Federal appeals court will hear April arguments in Alabama’s refugee lawsuit

court justice trial

A federal appeals court will hear oral arguments in April on Alabama’s lawsuit against the federal government over refugee placement. The Montgomery-based 11th Circuit Court of Appeals announced a tentative argument session set for the week of April 24. The arguments were scheduled for appeal after a federal judge dismissed the state’s lawsuit that claimed the federal government didn’t ask for Alabama officials’ input about the settlement of Syrian refugees. The consultation is a requirement of the Refugee Act of 1980, according to Gov.

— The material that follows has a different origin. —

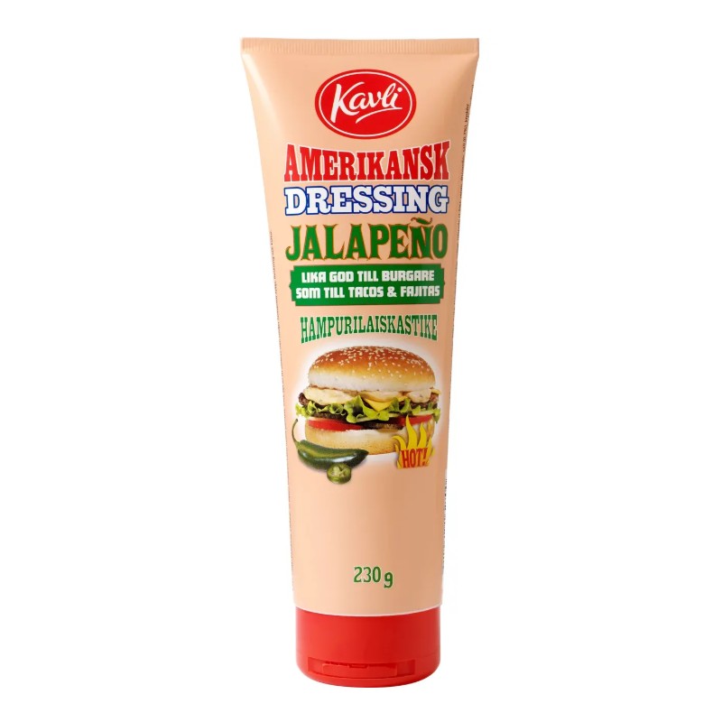 La sauce Américaine Jalapeño de Kavli combine l'onctuosité de la sauce originale et le piquant des vrais jalapeños. Un incontournable pour tous ceux qui veulent donner du piquant à leurs burgers et sandwichs.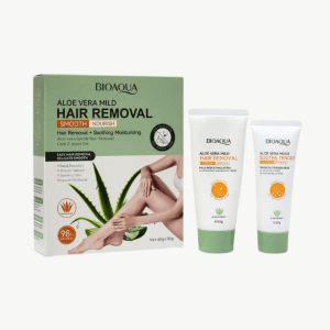 Kit depilatorio con aloe vera diseñado para eliminar el vello mientras cuida la piel. Su fórmula ayuda a calmar, hidratar y reducir la irritación. Ideal para piel sensible, deja la piel suave, fresca y con una sensación de confort después del uso.

Robert Bentley. Bentley announced his refusal to relocate the refugees following the Paris attacks in November 2015. Stating that unless federal officials provided background check and medical information to the state, they were not welcome in the Yellowhammer State. In July 2016, Chief United States Magistrate Judge John E. Ott ruled the state’s claims were too vague, and issued the dismissal, writing that the Refugee Act of 1980 did not allow states a right to a cause of action to enforce the law. “As your governor, I will not stand complicit to a policy that places the citizens of Alabama in harm’s way,” Bentley said in a news release. “The District Court based its dismissal on a technicality, a finding that Alabama may not sue to enforce the Refugee Act; the District Court did not find that the federal government was fulfilling its obligations under the Act.” The state filed the appeal in August 2016.